- _Your instructions_:
Only the lines from the beginning of the data through the line holding "検査結果用紙を見ると、いくつかの数値が基準値を超えていた。" belong in the answer, printed exactly and without pictures.

(Data extracted from a collection)
· · · ·

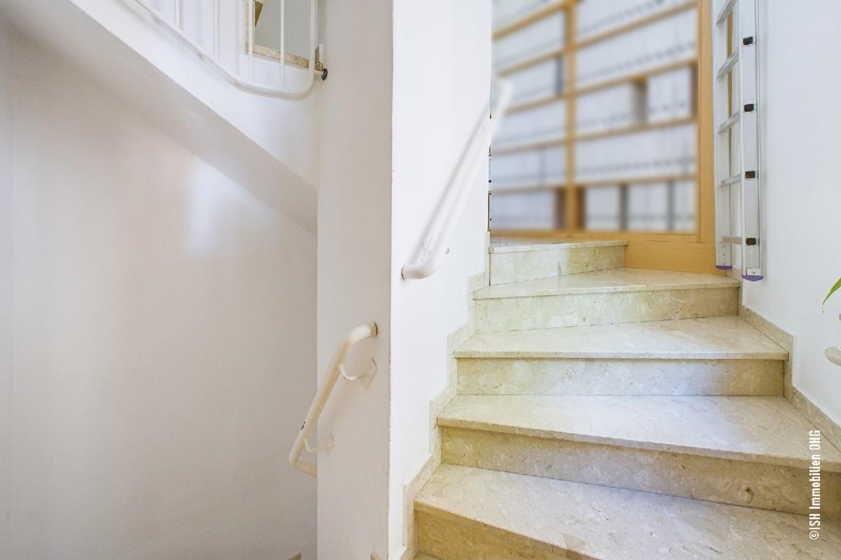Im Inneren erwartet Sie ein großzügiger und einladender Eingangsbereich, der Sie und weitere Besucher herzlich willkommen heißt. Das Büro selbst präsentiert sich im Erdgeschoss und 1. Obergeschoss geräumig und offen und bietet somit ausreichend Platz für individuelle Arbeitsbedürfnisse. Die Räumlichkeiten schaffen eine angenehme Arbeitsatmosphäre und lassen Platz für kreative Geschäftsideen in einem historischen und dennoch modernen Ambiente. Hier befinden sich ebenfalls die Büroküche und die Sanitäranlagen für die Angestellten.
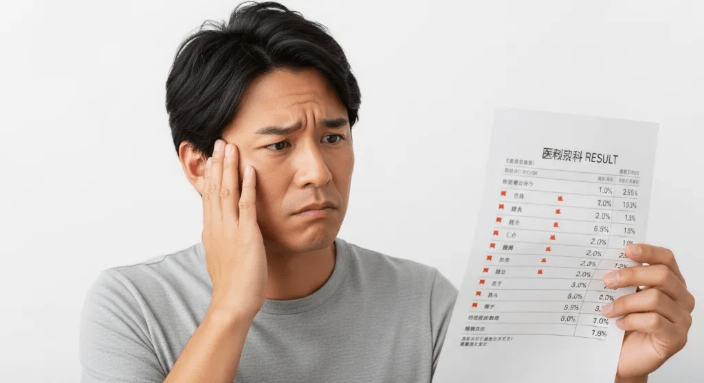 検査結果用紙を見ると、いくつかの数値が基準値を超えていた。
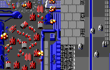 Even when compared to its direct sequel’s, Herzog’s selection of available units is pretty small. Since capturing enemy bases isn’t an option here, foot soldiers only serve as cannon fodder for your enemy’s offense, while tanks and the occasional Side-Car (basically this game’s version of the Speedbikes from Zwei) will be your go-to units for most of the game. Spamming endless waves of Tanks and Side-Cars while occasionally sending some Anti-Tank Guns and AAM (Anti-Air Missile) Carriers into the field is a viable strategy here, but the real star of the show here are the Grand-Slam Missilies, (theoretically) huge, hulking, costly nukes that, when fired, very slowly traverse the battlefield in an unstoppable death march that ends with the instant destruction of your enemy’s base, regardless of how much health it had the moment the missile hit. These doomsday weapons can only be destroyed by colliding headfirst with an enemy’s own Grand-Slam, but since the game offers no visual representation of them other than a tiny blip on the on-screen radar (which can be either easily missed or misinterpreted as a graphical glitch by inattentive players), it’s often very hard to judge their trajectories, which means that players who find themselves on the receiving end of a Grand-Slam assault always have a strict time limit to worry about… unless they are willing to dough out the Gold to counter the enemy’s missile with another missile of their own, of course.
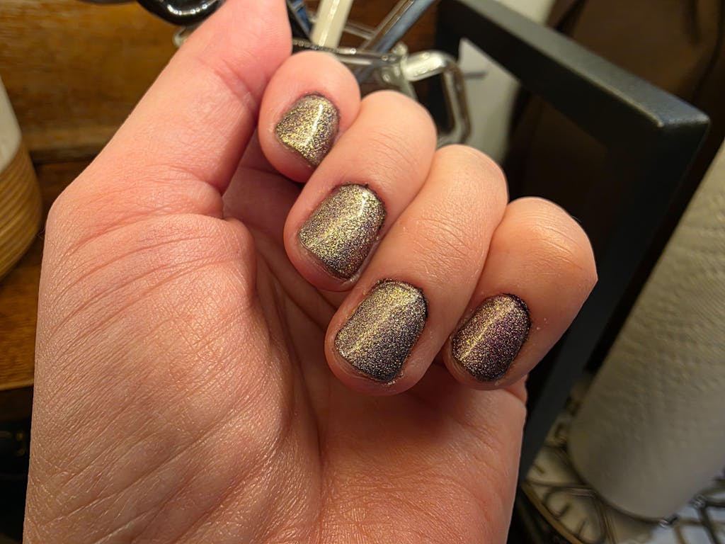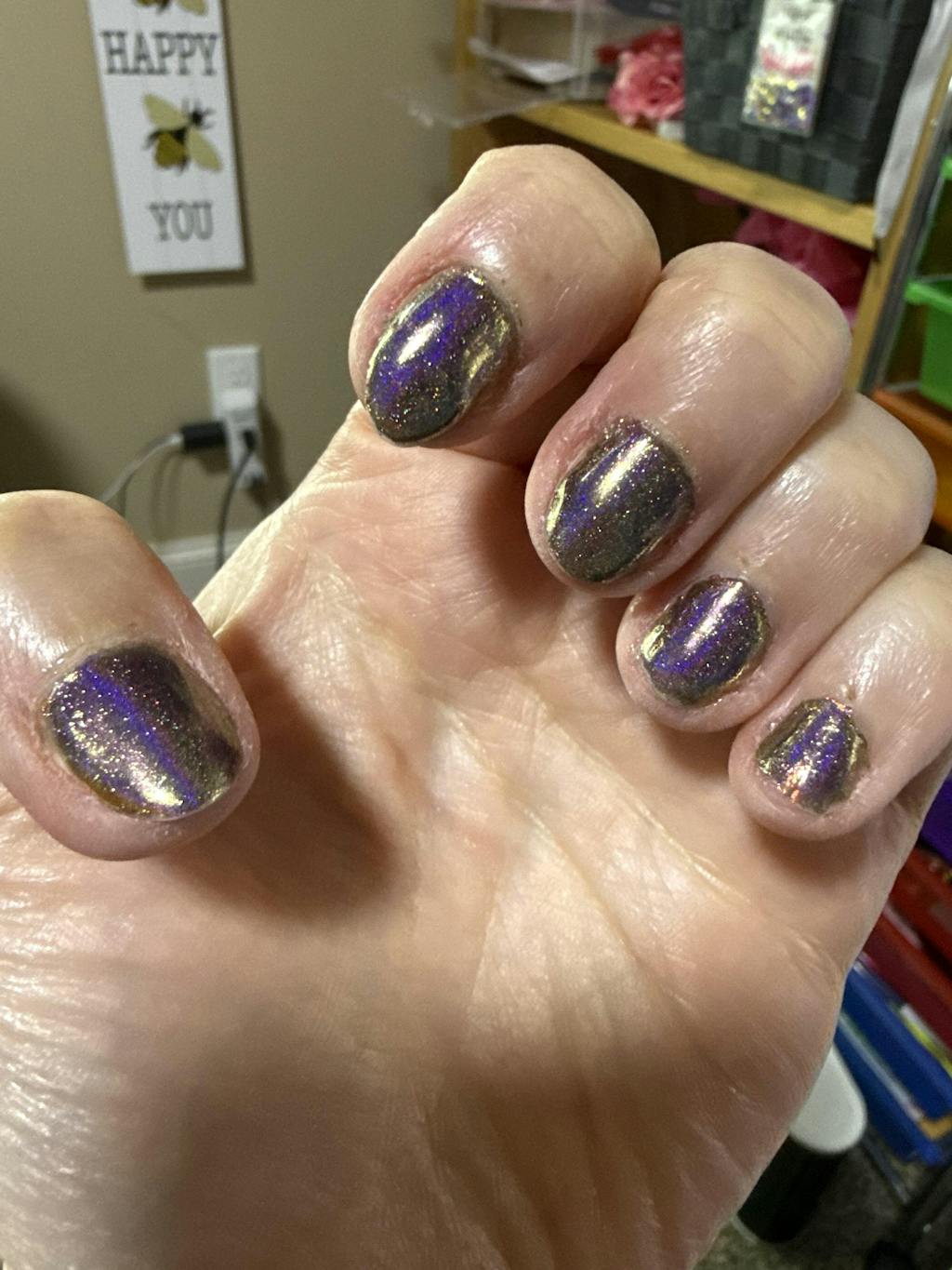 One of my absolute favorite shades! I made sure to grab 2 more when they were on sale! :) I LOVE the way this shade has so many colors depending on how you're looking at it or if you apply it holographic!
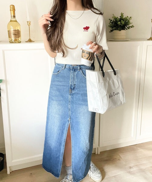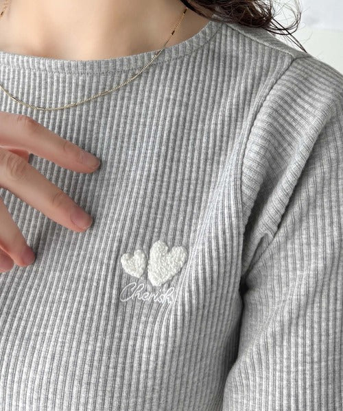 胸元のハート刺繍で、可愛さをさりげなくアピール。
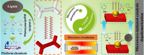 王文亮副教授等提出了一種微波響應(yīng)型催化劑,并成功用于克量級(jí)木質(zhì)素解聚蒸氣的微波輔助催化重整,為從資源豐富的木質(zhì)素中規(guī)模化獲取關(guān)鍵的酚類和芳香烴類平臺(tái)化合物提供了行之有效的途徑。該研究發(fā)表于國(guó)際頂級(jí)期刊Applied Catalysis B: Environmental和Chemical Engineering Journal。

· · · ·

- _Exercise output_:
Im Inneren erwartet Sie ein großzügiger und einladender Eingangsbereich, der Sie und weitere Besucher herzlich willkommen heißt. Das Büro selbst präsentiert sich im Erdgeschoss und 1. Obergeschoss geräumig und offen und bietet somit ausreichend Platz für individuelle Arbeitsbedürfnisse. Die Räumlichkeiten schaffen eine angenehme Arbeitsatmosphäre und lassen Platz für kreative Geschäftsideen in einem historischen und dennoch modernen Ambiente. Hier befinden sich ebenfalls die Büroküche und die Sanitäranlagen für die Angestellten.
 検査結果用紙を見ると、いくつかの数値が基準値を超えていた。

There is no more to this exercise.